For all the collateral assets supported here, you may then call any of the view functions to get information about how they are setup in the system:

• getCollateralMintFees, getCollateralBurnFees: mint and burn fee parameters for a collateral asset

• isWhitelistedCollateral, getCollateralWhitelistData: whether burns and redemptions are whitelisted for a collateral asset and how the whitelist is setup. To understand why and how whitelists are operated in Transmuter, check out this page

• getIssuedByCollateral: to get how many stablecoins were issued from a collateral and overall

• getOracle, getOracleValues: how oracles are setup for a specific collateral (which feeds are read) and what values would be used for a mint, a burn or redemption operation

• isPaused: whether minting with or burning for a collateral asset is paused

• getManagerData: whether a collateral is invested externally in other strategies

About whitelists

Transmuter includes the possibility for governance to whitelist collateral assets, meaning that they can only be sent to addresses during a burn or a redemption to an address which has been whitelisted in some way. If Transmuter includes one collateral that requires a whitelist, and someone tries to redeem without forfeiting any tokens to an address which has not been whitelisted, then the redemption will revert.

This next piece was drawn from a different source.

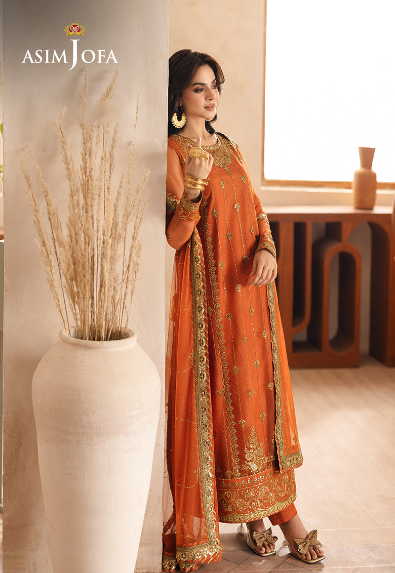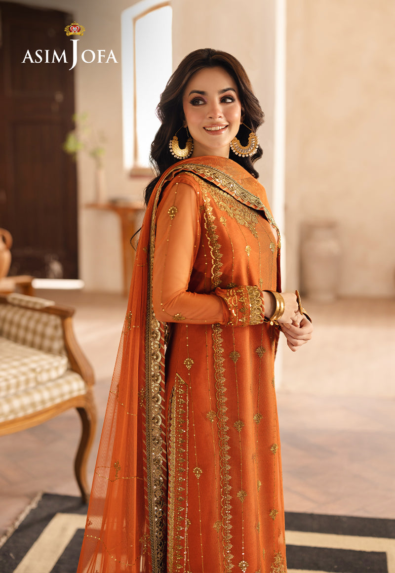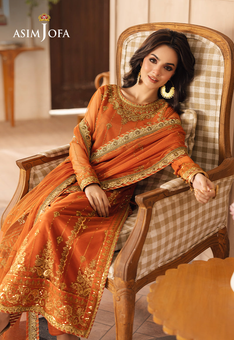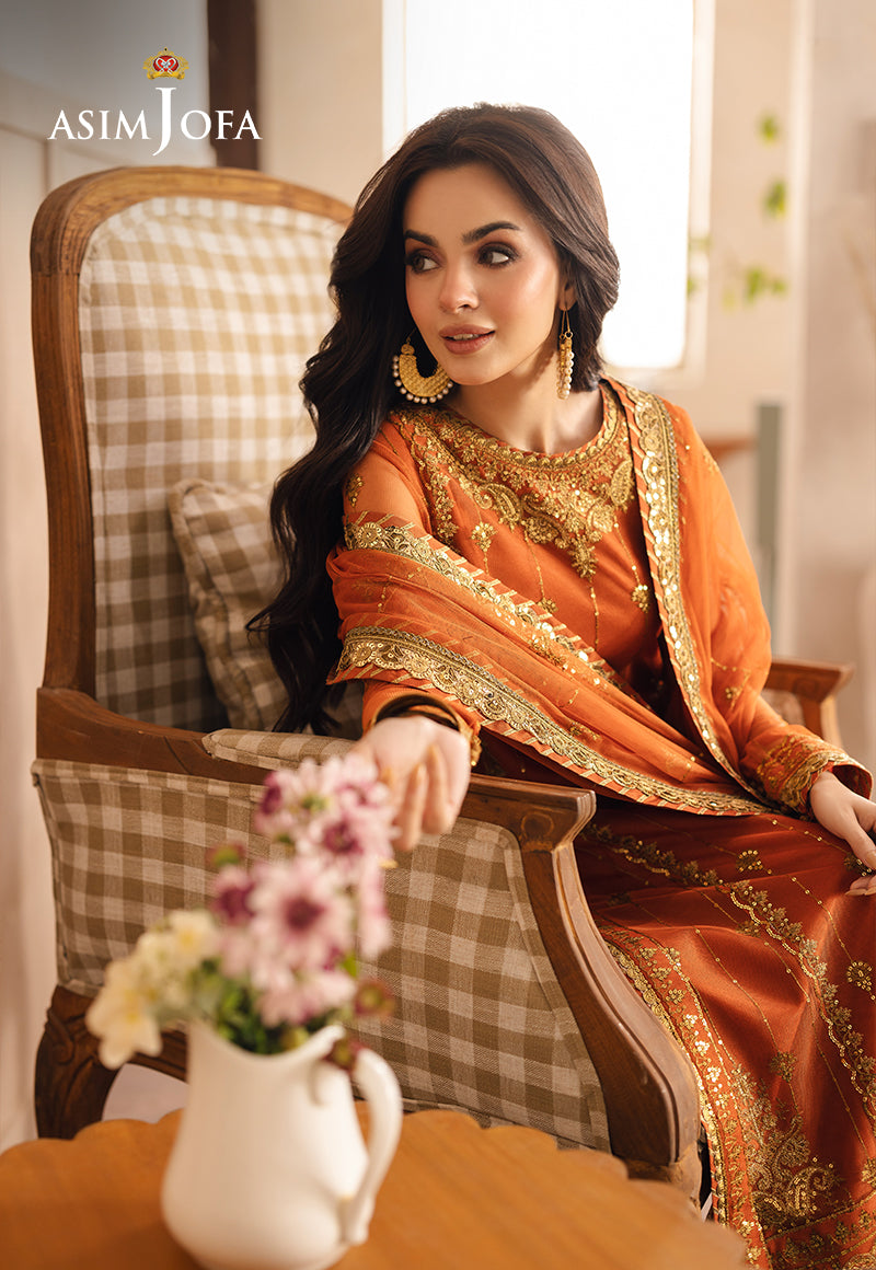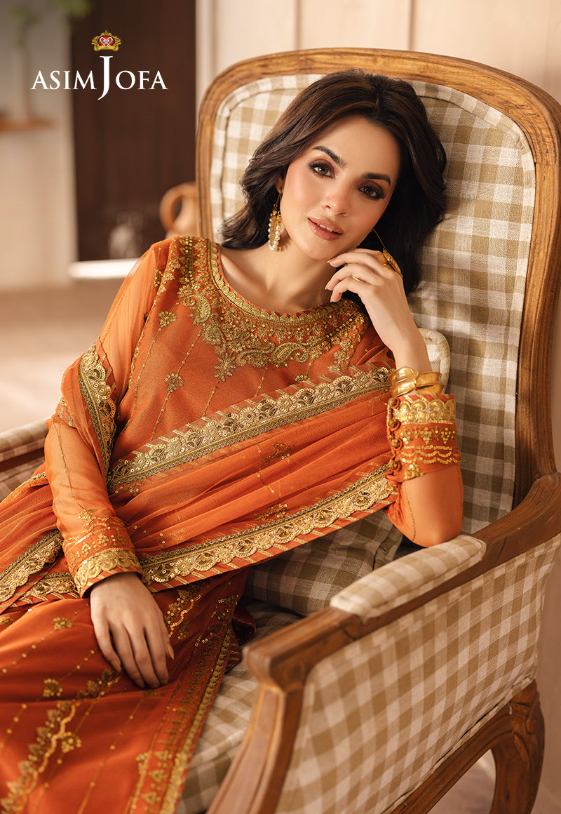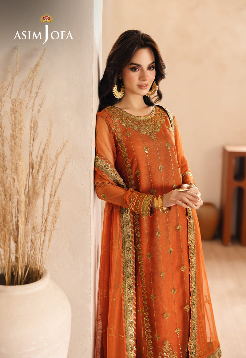 Bringing a burst of sunshine, this orange ensemble is adorned with two-toned gold zari that weaves patterns of radiant beauty. Gold sequins amplify the sparkle, making it a standout choice for any occasion. Completed with an elegantly embroidered dupatta, this design exudes a warm and lively charm.

In fact, if there are n collateral assets, with m of them requiring a whitelist, if all the whitelists are different, for a full redemption to occur successfully, the to address would need to be whitelisted for all the m collateral assets. Otherwise, to still be able to redeem something out of your stablecoins, you need to forfeit the tokens for which the to address is not whitelisted through the redeemWithForfeit function.

On a similar note, burn operations involving collateral assets requiring a whitelist revert if the to address is not whitelisted.

The quote functions (quoteIn, quoteOut, quoteRedemptionCurve) do not revert however if there are collateral assets with whitelists involved.